Peter, Does your assistant pay a small fortune each month for a one room rabbit warren apartment in a high density urban area? Since she drives an SUV my guess is she doesn't live in high population density urban area like the Japanese. Apples and oranges.

Posted by: Bplus at December 26, 2005 10:59 AM

Guys, spend your days being crammed into a commuter train, walking streets crammed shoulder to shoulder with people, and living in a one room rabbit warren apartment - then tell me how many kids you want.
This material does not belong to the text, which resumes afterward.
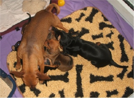 Tag 8 - Die Verdoppelung des Geburtsgewichtes in der ersten Woche haben alle geschafft. Auch in diesem Wurf gelingt die farbliche Sortierung blind...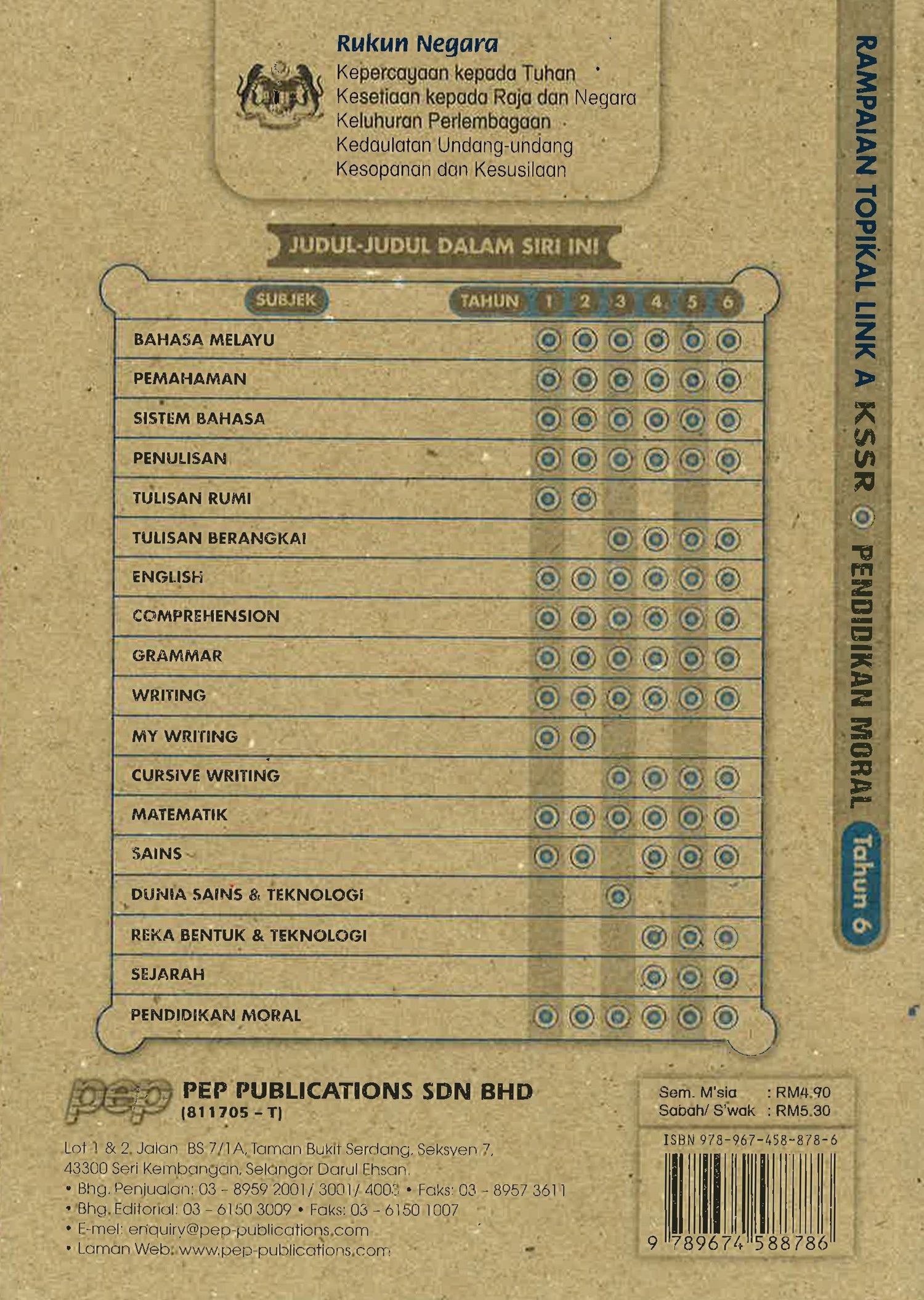 Buku latihan ini diterbitkan selaras dengan tema dan topik dalam Buku Teks dan KSSR Semakan terkini. Semua latihan yang disediakan adalah merangkumi semua tahap penguasaan. Setiap praktis disusun mengikut topik-topik dalam buku teks bagi membantu murid menguasai kandungan mata pelajaran dan seterusnya mencapai kecemerlangan.

Posted by: bplus at December 26, 2005 11:01 AM

bplus

my guess is she doesn't live in high population density urban area like the Japanese

Good guess. Actually she lives in a high population density urban area like the Canadians.

But I see your point. Ya' gotta choose between families and one room rabbit warren apartments. Life's like that.

Posted by: Peter B at December 26, 2005 11:13 AM

My Church family (evangelical protestant, 200 plus regular participants) average five children per family. All home school; not a requirement; birds of a feather The men are loggers, mail carriers, IT professionals, stockbrokers, construction workers, etc. Our religious beliefs dictate life style including reproductive choices.

Posted by: tgn at December 26, 2005 11:35 AM

tgn, you say what the men in your congregation are, but what of the women? What are they?

Posted by: erp at December 26, 2005 12:44 PM

b:

Their population density isn't prohibitive, yet their population is falling. When you love yourself to the exclusion of all else it's easy enough to make up reasons not to have kids.

Posted by: oj at December 26, 2005 12:54 PM

And there is yet more to it.

Having children is a committment to fight and to compass a future in which one's children and children's chilren are ready to fight, for only the dead have seen the last of war.

We alway hope that it will not come to blows, not we understand that the heart of man is wicked.

Yes, consumerism contributes to the actualization of the "virtue of selfishness"--to men who will not fight and women who will not bear. More is needed to produce the anomie of empty cradles, however.

It comes from sin, from hatred of all that is other, and from ignorance of one's end.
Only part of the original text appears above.